As the second largest exporter of services (after the US), the UK – independent of the EU – has the opportunity not only to assist other economies outside the EU to create regulatory systems which promote services and foster growth, but also to reap the benefit.

Significant opportunities exist in Asia-Pacific economies to supply services. The signatories to the Comprehensive and Progressive Agreement for Trans-Pacific Partnership (CPTPP) which engages key economies in the Asia-Pacific region (which collectively now accounts for 60 percent of global GDP) have committed to opening services markets.

While tariffs on goods are generally low, aside from established industrial economies, Asia-Pacific economies, including even China, recognise the gains to growth that are attainable from opening services sectors.

This is just part of what actual separation from the EU offers the United Kingdom. The reality is that the EU is now decaying. Heavy debt and regulated currencies have stalled growth. There is no clear signal on the horizon that this will change. Unregulated migration has created significant social problems. While not a member of the Eurozone, the UK still faces the economic consequences of its current financial problems.

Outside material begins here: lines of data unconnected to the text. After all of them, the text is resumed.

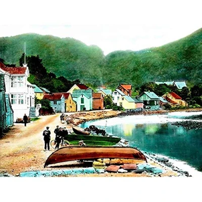 Wee Blue Coo Vintage Photo Colour Tint Eide Granvin Fishing Village Norway House Boat Art Print Poster Decor 12X16 Inch
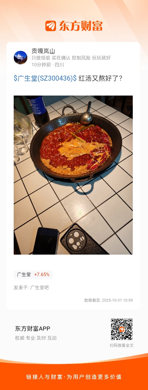 温馨提示: 1.根据《证券法》规定,禁止编造、传播虚假信息或者误导性信息,扰乱证券市场;2.用户在本社区发表的所有资料、言论等仅代表个人观点,与本网站立场无关,不对您构成任何投资建议。用户应基于自己的独立判断,自行决定证券投资并承担相应风险。《东方财富社区管理规定》
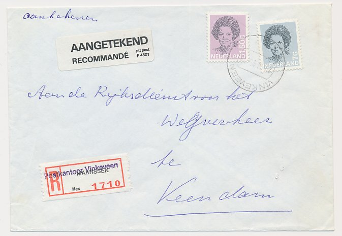 Aangetekend Maarssen Julianaweg 1985 - Overstempeld strookje
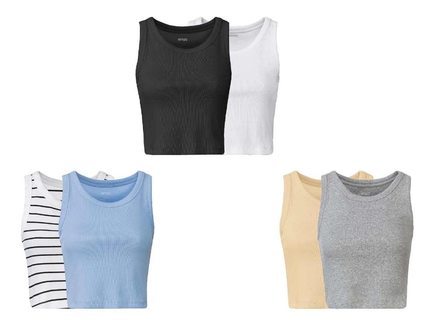 Siempre viene bien tener camisetas, porque es una de esas prendas que usamos sin parar. En Lidl ahora tienes un pack de camisetas con un moderno diseño crop que se convertirán en tu recurso comodín este verano. Son de algodón y elastano, con tejido de canalé ajustado y entallado.
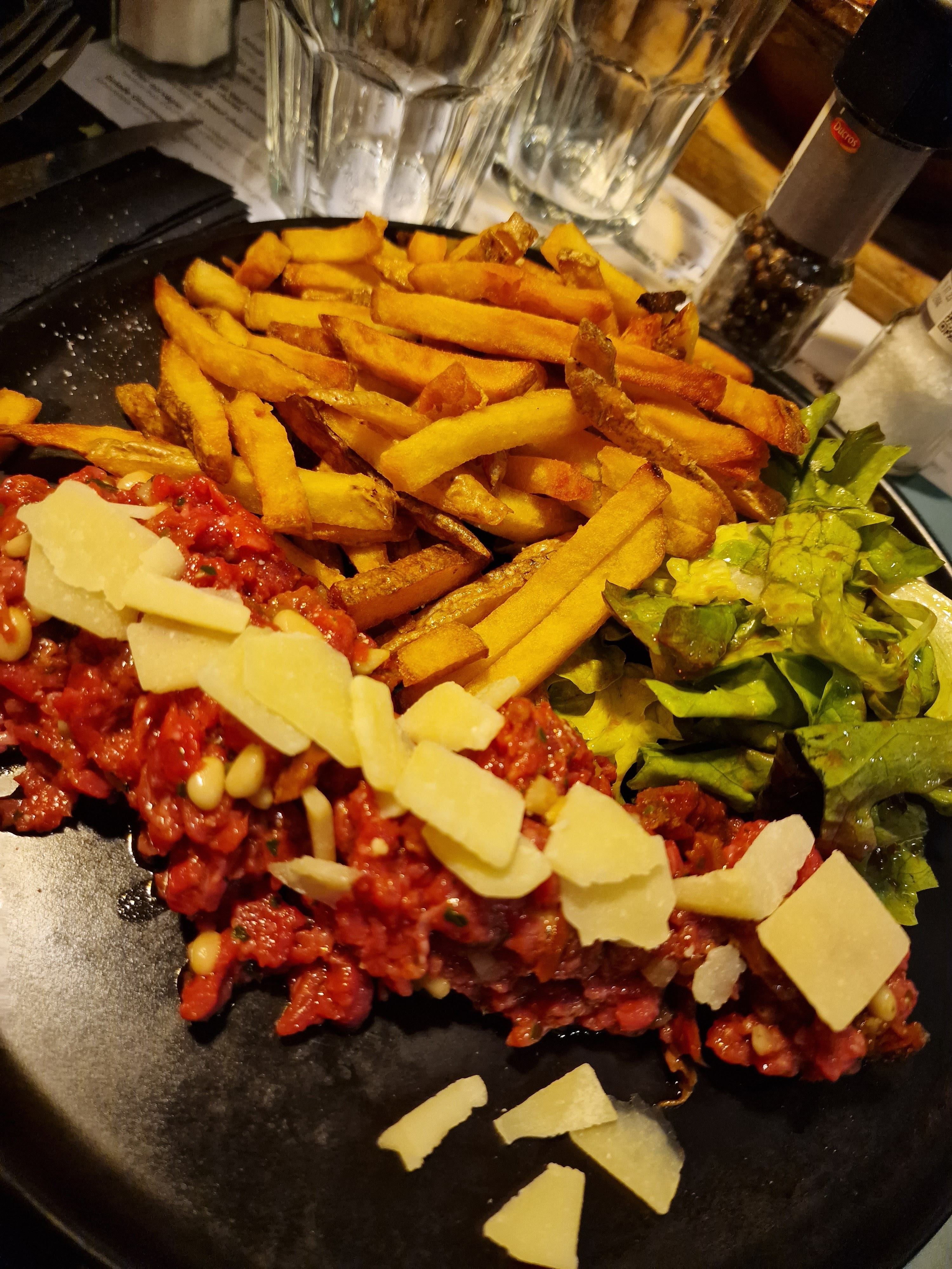 Hormis un service lent et médiocre (ils ont oublié l'eau, les couverts, complètement oublié d'apporter les entrées), comment expliquez-vous que j'aie trouvé une écaille de poisson à l'intérieur de mon tartare de bœuf ? Attends, je ne veux pas savoir. Éviter!

Establishing the UK as a wholly independent economy from the EU still allows the UK to service EU markets, but at the same time offers opportunities to trade and invest in other, more productive, regions in the global economy, such as the Asia-Pacific region.

None of these considerations were apparent in the document put in front of Cabinet.

A substitute plan demonstrating how the UK can forge an economic agreement with the rest of the EU and reach out into the rest of the global economy with other open market agreements is what the UK now needs if its citizens are to prosper.